Jesus- Messiah or Agent of the Roman Empire

by designs 5 Replies latest watchtower bible

  • designs
    designs

    Several modern scholars doubt that a real Yeshua ben Yoseph lived but was rather a literary device, fiction if you will. Other sources maintain that yes there was someone like this person but much has been lost and distorted to create a history for certain followers and its religious influence on cultures in the region. A more cynical approach, if you will, comes from the victims of the 'propaganda' contained in the New Testament. Primarily those victims were the Jews.

    Did 'Jesus' Yeshua ben Yoseph, if real, actually work as an Agent of the Roman Empire. Rome was of course the dominate military power of the time when Jesus is said to have lived. They had conquered the Palestine region and subjugated the indigenous peoples. Imagine losing your ancestral lands that went back over a thousand years. It is difficult for western minds to grasp ancestral lands. In America people relocate rather often whereas some villages in the Middle East and Europe date back thousands of years and the same families still live in their ancestral villages. So some sympathy is lost with respect to land ownership and heritage.
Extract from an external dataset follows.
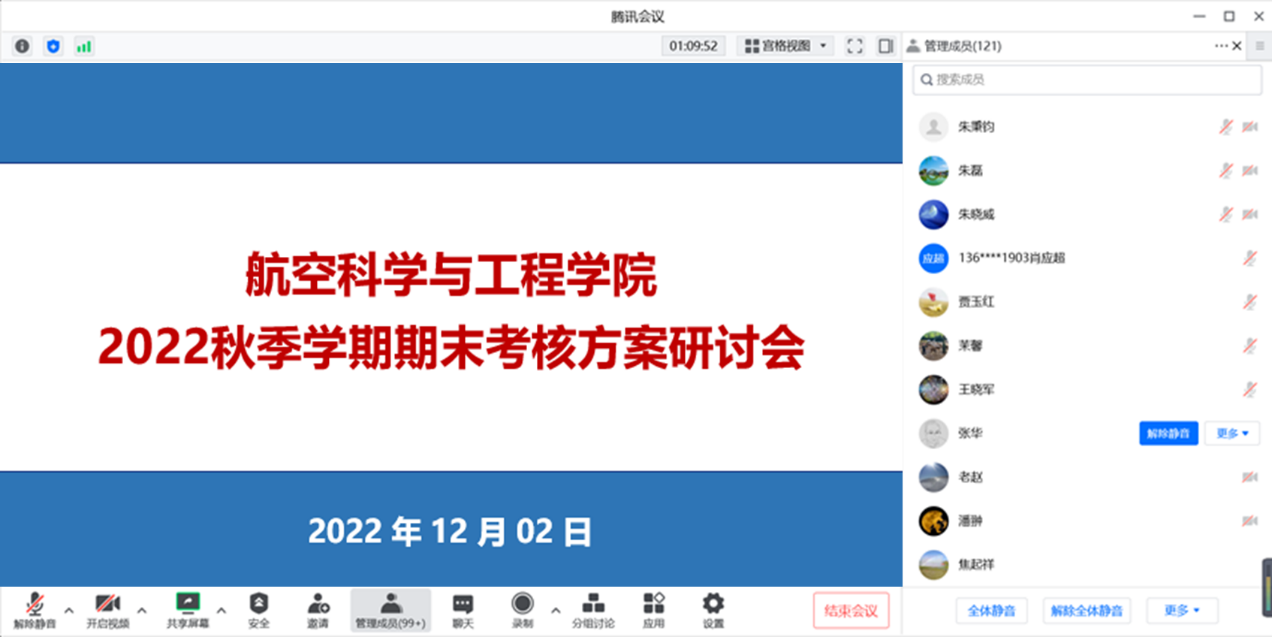 首先,航空学院教学副院长陈玉丽介绍了学院本研课程期末考核的总体情况,以及本研培养环节的开展情况,院长助理罗明强详细汇报了学院2022秋季学期线上期末考核工作方案。

    Along comes the Jesus character with some rather suspicious and strange messages for 'his people' the Jews.

    Tell your people to be subservient to their conquerors

    Pay the conquerors money for being your dictators

    Blame your people for not getting along with their conquerors

    Tell your people they are performing their religious duties and faith wrong

    Tell your people their covenant with their god is no longer valid

    Tell your people they have no place to worship with validity

    Blame the death of the messanger on the victims of the conquerors

    _____________

    The Book Of Jewish Knowledge

    Ausubel

  • betterdaze
    betterdaze

    I was discussing this with a relative about "turn the other cheek" and "go the extra mile" other not-so-original teachings that had their origins in the occupying Roman army. Just a little too convenient!


    Imagine losing your ancestral lands that went back over a thousand years.


    You mean like the natives of Palestine for the past 2,000 years who lost their ancestral lands to Europeans?


    "Ancestral lands" for the ancient Hebrews? Their very own scriptures celebrate murdering their merry way across Canaan to steal grazing land, when they weren't wandering around aimlessly in the desert.

    Primitive tribal nomads moving flocks around in tent clans, up to their ankles in goat crap. There's a certain resentment in the OT for settled city dwellers (builders and tool-users), the same way the Watchtower resents educated people.

    Where is their distinct Hebrew art, architecture, pottery, etc. until they came into contact with more civilized peoples? Even their alphabet was adapted from others. Jerusalem itself was built by previous "pagan" inhabitants.

    They were pirates and pillagers. Probably the best thing that ever happened was the civilizing influence of Babylonian captivity. Agriculture, mathematics, technology, all sorts of shiny pretty things they could never dream of on their own.

    The Romans gave them much leeway to operate their disgusting animal sacrifice bank-and-barbecue system. But I can see the Romans eventually saying "enough is enough" and creating a scenario by which there is one last sacrifice for all time.
  • designs
    designs

    Interesting take on history, some true some prejudices like we all have.

  • transhuman68
    transhuman68

    LOL designs, you got more than you bargained for there! This debate about who Jesus was has been going for at least a hundred years now, with virtually every possibility being examined, regardless of how outrageous they may be; but Bart Ehrman’s belief that Jesus was just a rabbi seems most plausible, if a little boring. The fact is, Jesus was reported to have said so many contradictory things, that he could have been virtually anything. Interestingly though, the anti-Jewish sentiments in the NT seem to be a later development, and/or may not be authentic to the original manuscripts.

  • designs
    designs

    Trans- fun and a good challenge though I had an old Jewish man as a return visit as a JW and he believed that Jesus was a real historical figure and referred to him as 'the itinerant Rabbi'. A little known Jewish scholar of the 10th century, Kirkisani a Karaite, said this of Jesus- 'Jesus founded a jewish sect, but following the cruxifiction by the Romans, Paul of Tarsus, ..had originated from it a new religion..grafting a whole series of pagan notions, myths, rites, and practices. This was part of the De-Judaizing process which was continued by the four canonical Gospel writers...' This Rabbi saw the order as Paul being the culprit and influencing the Gospels which came later.

  • designs
    designs

    One passage in the gospels caused the death of millions of Jews over centuries at the hands of Christians- 'his blood be upon us'. Thomas Aquinas was influenced by this passage to later write of 'servitus Judaeorum' with the servitude of the Jews to Christians- because the Jews had rejected Jesus as their saviour and had caused his death'.

    Bernard of Clairvaux, the spiritual mentor of the Second Crusade wrote about the Jews- 'They are living symbols for us representing the Lord's Passion. They are dispersed to all lands, so that while they pay the just penalty for so great a crimethey may be witnesses for our Christian redemption'. There is a bit of sick twisted logic if ever there was one.